We climbed out to the balcony of one of the wards. Piles of rubble rose from the ground. A bombed-out bridge gaped just a few blocks away. Our Hezbollah escorts were sure to point out every blast site and bit of damage, condemnation of Israel mixed in with their descriptions.

Numb to the sirens

In Israel, we spent much of our time at Rambam Hospital in Haifa. An incredibly modern hospital, it is the largest trauma center in northern Israel. The most serious cases from this war are brought here.

A few minutes after our arrival, we heard our first sirens. We jumped up, alert, and rushed outside under the main entrance canopy, anticipating a hit. Our cameraman rolled the entire time. There was nothing. No rocket. A false alarm.

We did an interview. An alarm sounded. Nothing. We stopped to get coffee in the hospital café. Nothing. By the fourth time the sirens sounded that morning, we hardly even noticed. Everyone else went about his or her business, and so did we. Sirens became no more startling than the ring of a mobile phone.

It's odd how quickly something once so alarming can melt into the background.

It was the fifth siren that jolted us back into reality. We were reporting in the hospital and felt an earth-shaking thud. We ran outside. Smoke was rising about 100 meters away. Ambulances geared up to head out. People scanned the sky, looking for other rockets. We watched the injured as they were rushed into the hospital emergency room -- bloodied, bruised and traumatized.

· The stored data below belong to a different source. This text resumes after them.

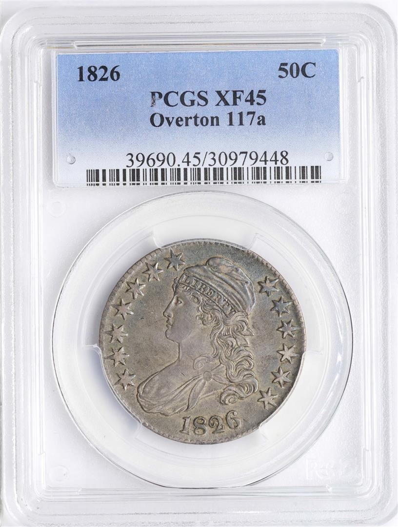 One 1826 Capped Bust Half Dollar Coin PCGS XF45 Overton 117a. PCGS Graded.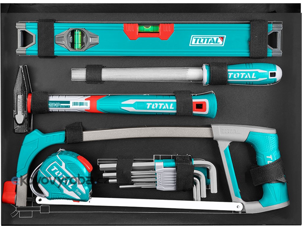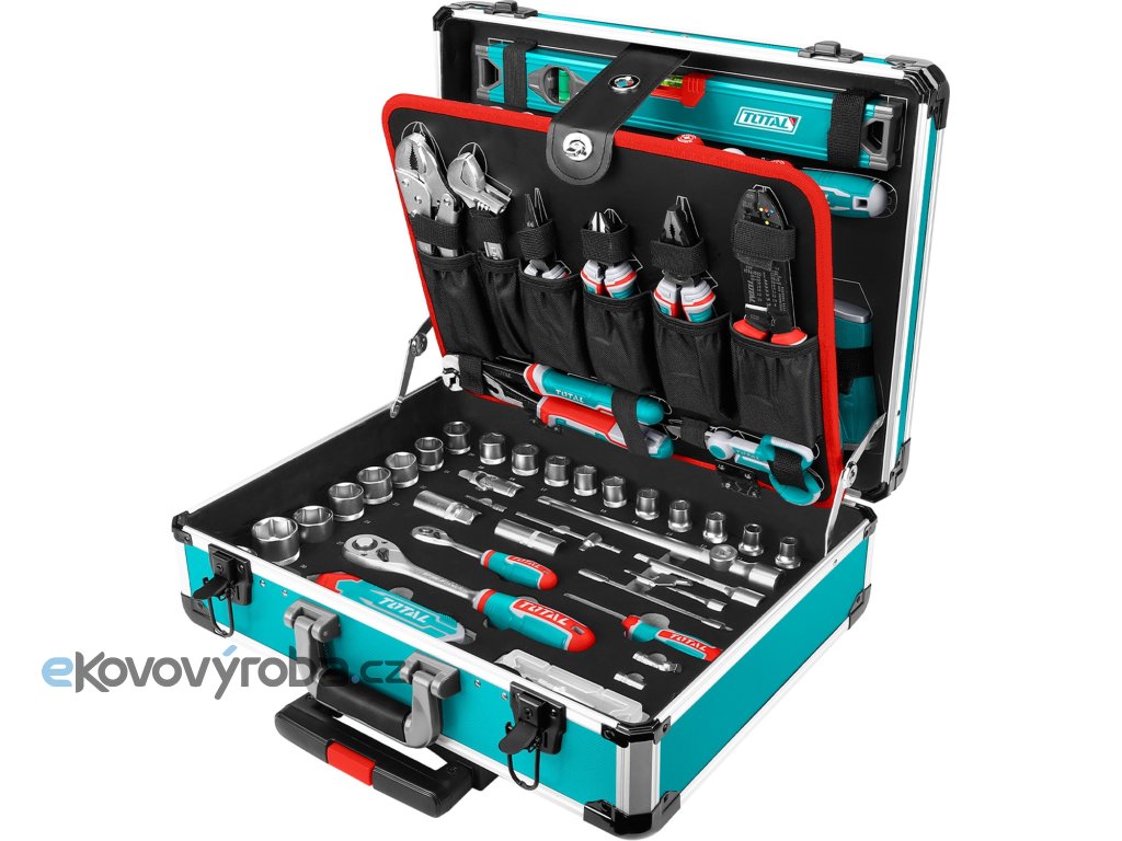 Bohatá sada obsahující nejrůznější ruční nářadí od kleští, přes gola sadu až po vodováhu. Vše uloženo v praktickém kufru s kolečky a výsuvnou rukojetí.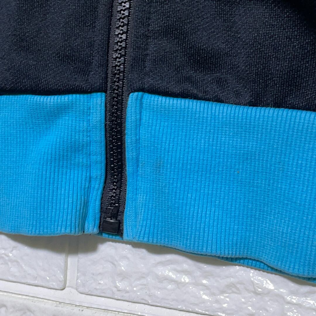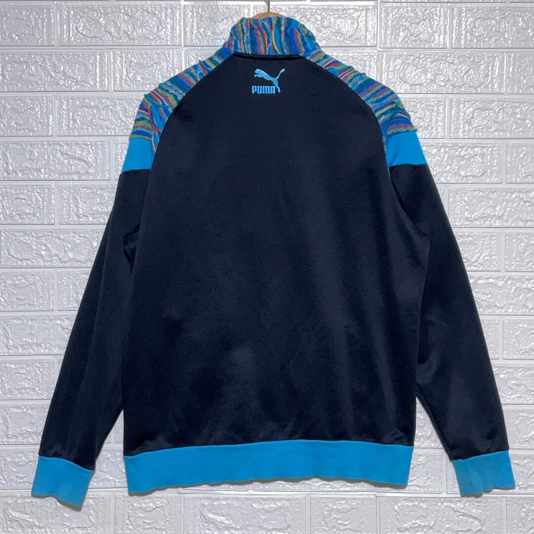 クージーとプーマのコラボによるトラックジャケットは、水色とブラックの配色に立体的な編込みが映える特別な一着です。

Two injured teenage girls came in on foot. Their youth struck me. They reminded me of the girls at a mall or in a church youth group.

As the crowd parted, I could see what they were wearing: Not jeans or T-shirts, but Israeli military uniforms. They were soldiers, their hair pulled back in ponytails, slinging rifles and using mobile phones with their uninjured hands.

This was my first war zone. From Sri Lanka in the wake of the tsunami to Pakistan in the aftershocks of the earthquake to New Orleans after Hurricane Katrina, I have seen the tolls of mother nature and human neglect.

Often in those situations, the hardest-hit people would band together. Aid would come pouring in, and the best of humanity would be showcased.

A war zone is different. In this war, rules are disappearing. Hospitals are caught in the crossfire. Ambulances are hit by rockets. Doctors are operating as shrapnel pierces their buildings.

In war, the best you can do is take cover and simply hope it's not futile.

A. Chris Gajilan is a senior producer for CNN Medical News.